В голове шумело, сердце продолжало биться так же часто, а к горлу подступало болезненное удушье. Опять… В детстве от него чуть не умерла Айрис, а Рейчел повезло не страдать сильными приступами, но все-таки надорский лекарь просил «герцога» быть осторожнее.
— Желаете ли чего-нибудь?
— Нет.
Нестерпимо хотелось пить и снять колет, а с распухшей донельзя рукой это будет неудобно, но гордость не позволила Рейчел попросить о помощи. К тому же, всегда имеется шанс разоблачения, так что слугам Алвы доверять нельзя в первую очередь — после него самого, разумеется. Сев на мягкую кровать, девушка облизала пересохшие губы, сглотнула и принялась расстегивать здоровой рукой пуговицы на колете. Если она сумела как-то снять унарские тряпки и надеть свою одежду утром, то сможет и сейчас. Но теперь рука болела сильнее.
В конце концов, промучившись до вечера, Рейчел смогла снять колет и сапоги, а потом улеглась в кровать. Засыпать было непривычно, поскольку в Надоре и в Лаик постели жесткие и холодные. Тут же, как и полагается для дома Первого маршала, везде присутствовала роскошь, человек, убивший ее отца, не экономил на жизненных благах, в то время, как в Надоре недоедали и носили серое траурное тряпье! И все-таки, несмотря на растерянность и злость, Рейчел смогла уснуть, причем довольно крепко.

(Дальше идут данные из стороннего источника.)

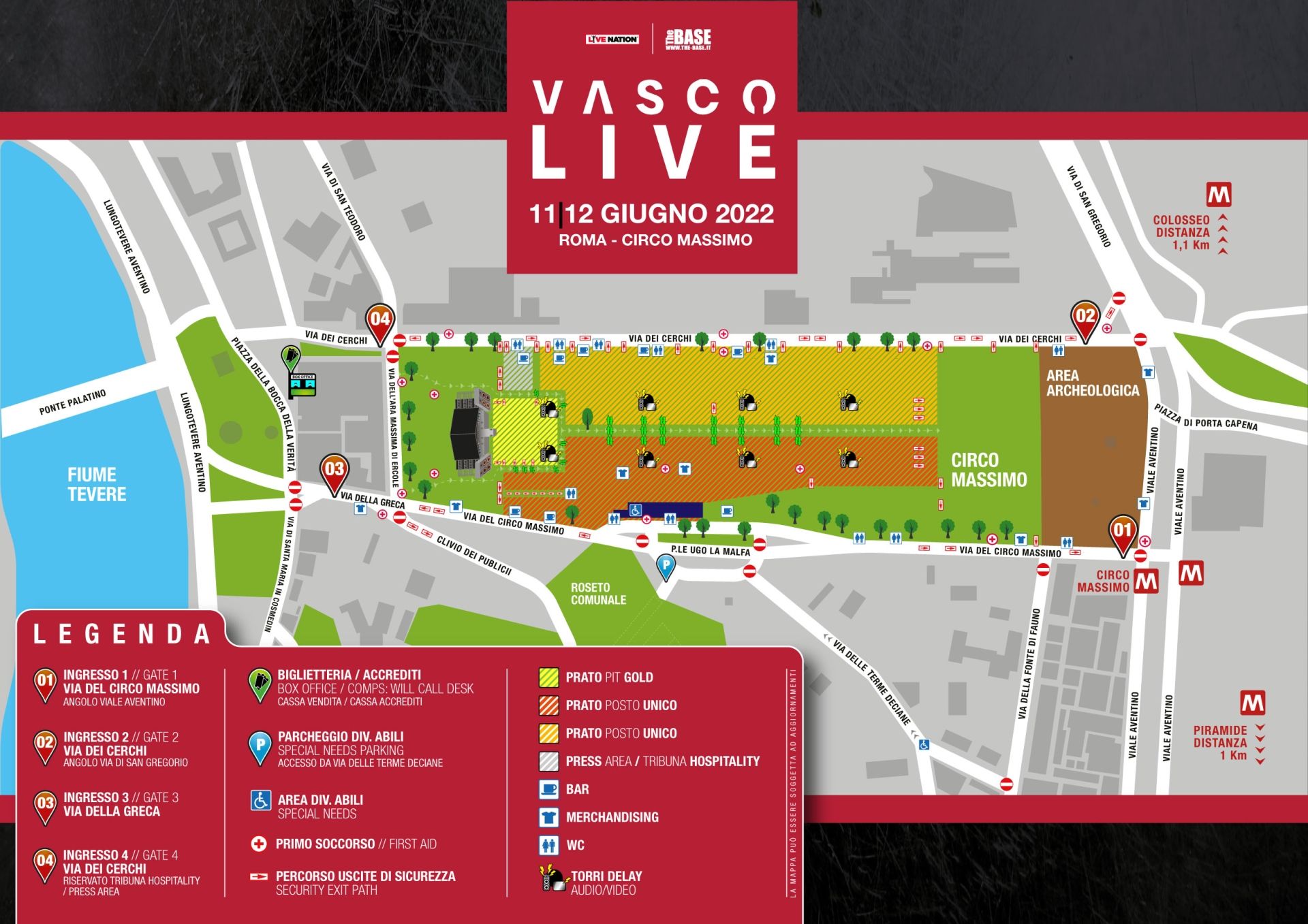 Si invitano tutti coloro che parteciperanno al concerto a lasciare la macchina in prossimità dei parcheggi di scambio e raggiungere Circo Massimo con i mezzi pubblici.
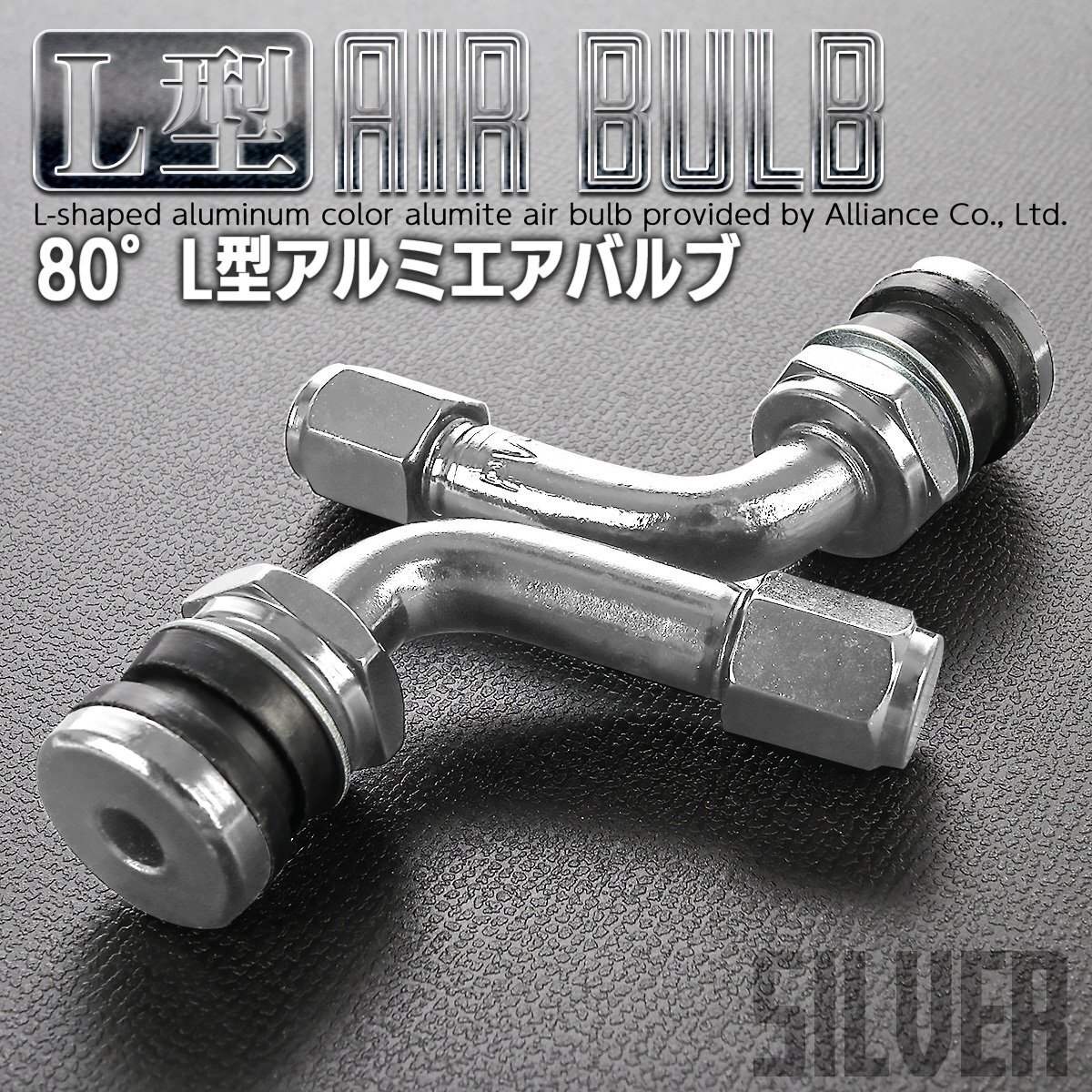 - 汎用 アルミ削り出し エアバルブ L型80度 チューブレス専用 ホイール周りのドレスアップに 2個セット シルバー S-315-S

Ей приснились Надор, мать с сестрами, и фальшивая свадьба, на которую Тристам прибыл в женском платье. Она же, Рейчел Окделл, надела привычные колет со штанами, и, после того, как отец Маттео долго и нудно их обвенчал, стало очевидно, что перед ней не Тристам и даже не Рокслей. Лицо ее мужа оказалось вдруг скрыто темной маской, изменились голос и поступь, а из-под головного убора выбивались светло-русые кудри. Рейчел почувствовала себя расстроенной и обманутой, поскольку подмена жениха или невесты другим человеком — плохая примета. Но ведь и происходила сама свадьба с подменой, поэтому ложному наследнику Окделла ничего не оставалось, кроме как принять все как есть.